WORK TASK: From the line that contains "Vũ Ngọc Báu" to the end of the records below, copy every line exactly. Both the first and last of these lines count.

(Data entries)
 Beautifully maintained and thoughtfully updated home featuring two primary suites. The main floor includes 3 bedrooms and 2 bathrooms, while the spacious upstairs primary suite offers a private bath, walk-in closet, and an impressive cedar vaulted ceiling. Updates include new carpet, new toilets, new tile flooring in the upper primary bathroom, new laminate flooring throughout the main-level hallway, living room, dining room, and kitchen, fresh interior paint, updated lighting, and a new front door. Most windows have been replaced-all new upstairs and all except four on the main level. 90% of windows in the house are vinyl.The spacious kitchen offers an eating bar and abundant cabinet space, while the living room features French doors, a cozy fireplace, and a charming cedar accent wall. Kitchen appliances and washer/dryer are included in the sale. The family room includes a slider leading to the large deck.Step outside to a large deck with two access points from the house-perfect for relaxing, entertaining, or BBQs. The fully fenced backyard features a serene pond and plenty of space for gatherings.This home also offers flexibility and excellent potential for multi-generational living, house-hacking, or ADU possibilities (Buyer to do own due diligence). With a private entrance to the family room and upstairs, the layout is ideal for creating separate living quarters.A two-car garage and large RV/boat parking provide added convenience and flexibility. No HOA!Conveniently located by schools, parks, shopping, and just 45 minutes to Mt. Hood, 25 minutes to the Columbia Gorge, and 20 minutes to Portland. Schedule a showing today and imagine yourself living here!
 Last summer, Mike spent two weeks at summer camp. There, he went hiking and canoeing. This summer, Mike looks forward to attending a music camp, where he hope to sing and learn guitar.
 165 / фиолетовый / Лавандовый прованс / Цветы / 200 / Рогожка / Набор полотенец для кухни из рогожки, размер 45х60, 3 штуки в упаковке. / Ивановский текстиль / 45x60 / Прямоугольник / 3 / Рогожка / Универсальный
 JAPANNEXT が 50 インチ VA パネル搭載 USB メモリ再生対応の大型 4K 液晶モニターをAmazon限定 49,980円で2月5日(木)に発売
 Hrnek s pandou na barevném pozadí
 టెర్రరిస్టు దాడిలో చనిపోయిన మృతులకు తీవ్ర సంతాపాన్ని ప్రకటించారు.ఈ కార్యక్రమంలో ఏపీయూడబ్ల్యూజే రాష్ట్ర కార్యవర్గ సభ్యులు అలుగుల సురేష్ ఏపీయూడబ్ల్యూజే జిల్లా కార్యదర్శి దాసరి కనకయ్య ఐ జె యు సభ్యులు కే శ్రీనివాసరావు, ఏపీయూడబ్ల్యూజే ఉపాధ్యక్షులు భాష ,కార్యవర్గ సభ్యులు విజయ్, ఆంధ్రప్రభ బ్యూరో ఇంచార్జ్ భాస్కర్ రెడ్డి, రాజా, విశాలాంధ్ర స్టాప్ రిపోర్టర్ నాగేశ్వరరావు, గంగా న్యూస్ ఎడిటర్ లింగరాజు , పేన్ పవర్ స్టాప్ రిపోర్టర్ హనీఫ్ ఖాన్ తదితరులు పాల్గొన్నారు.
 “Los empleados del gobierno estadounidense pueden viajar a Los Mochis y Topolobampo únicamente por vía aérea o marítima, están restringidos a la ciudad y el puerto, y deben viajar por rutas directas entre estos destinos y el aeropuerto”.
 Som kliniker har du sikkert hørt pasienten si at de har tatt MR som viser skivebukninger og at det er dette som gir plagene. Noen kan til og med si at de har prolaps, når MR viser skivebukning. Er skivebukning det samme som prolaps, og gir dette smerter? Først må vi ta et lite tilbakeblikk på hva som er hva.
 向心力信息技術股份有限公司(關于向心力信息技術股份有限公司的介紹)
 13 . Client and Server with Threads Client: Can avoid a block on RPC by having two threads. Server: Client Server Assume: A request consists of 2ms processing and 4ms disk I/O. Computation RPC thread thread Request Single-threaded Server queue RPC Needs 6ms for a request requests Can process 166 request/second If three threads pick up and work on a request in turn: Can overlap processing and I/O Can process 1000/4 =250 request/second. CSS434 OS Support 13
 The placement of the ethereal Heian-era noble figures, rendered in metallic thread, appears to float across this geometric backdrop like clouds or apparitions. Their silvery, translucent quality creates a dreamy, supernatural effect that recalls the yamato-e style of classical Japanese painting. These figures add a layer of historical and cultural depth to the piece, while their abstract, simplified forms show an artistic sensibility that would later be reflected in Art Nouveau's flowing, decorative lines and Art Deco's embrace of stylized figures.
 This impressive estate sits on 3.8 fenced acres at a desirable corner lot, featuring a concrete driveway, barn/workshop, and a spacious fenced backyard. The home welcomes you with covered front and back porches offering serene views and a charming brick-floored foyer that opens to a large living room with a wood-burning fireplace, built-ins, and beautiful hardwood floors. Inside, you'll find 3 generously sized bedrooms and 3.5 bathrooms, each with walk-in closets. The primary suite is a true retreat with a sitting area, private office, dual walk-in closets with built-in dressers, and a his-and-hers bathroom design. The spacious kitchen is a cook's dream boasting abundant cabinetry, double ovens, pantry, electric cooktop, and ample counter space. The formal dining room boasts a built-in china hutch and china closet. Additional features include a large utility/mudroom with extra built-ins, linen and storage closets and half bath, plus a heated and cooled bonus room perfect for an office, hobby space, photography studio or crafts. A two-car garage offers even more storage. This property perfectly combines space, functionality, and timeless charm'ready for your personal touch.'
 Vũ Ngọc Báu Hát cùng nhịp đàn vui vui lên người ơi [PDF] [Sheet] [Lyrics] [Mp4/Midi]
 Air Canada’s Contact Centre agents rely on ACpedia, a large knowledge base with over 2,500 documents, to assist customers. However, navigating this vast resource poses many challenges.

RESPONSE AREA:
 Vũ Ngọc Báu Hát cùng nhịp đàn vui vui lên người ơi [PDF] [Sheet] [Lyrics] [Mp4/Midi]
 Air Canada’s Contact Centre agents rely on ACpedia, a large knowledge base with over 2,500 documents, to assist customers. However, navigating this vast resource poses many challenges.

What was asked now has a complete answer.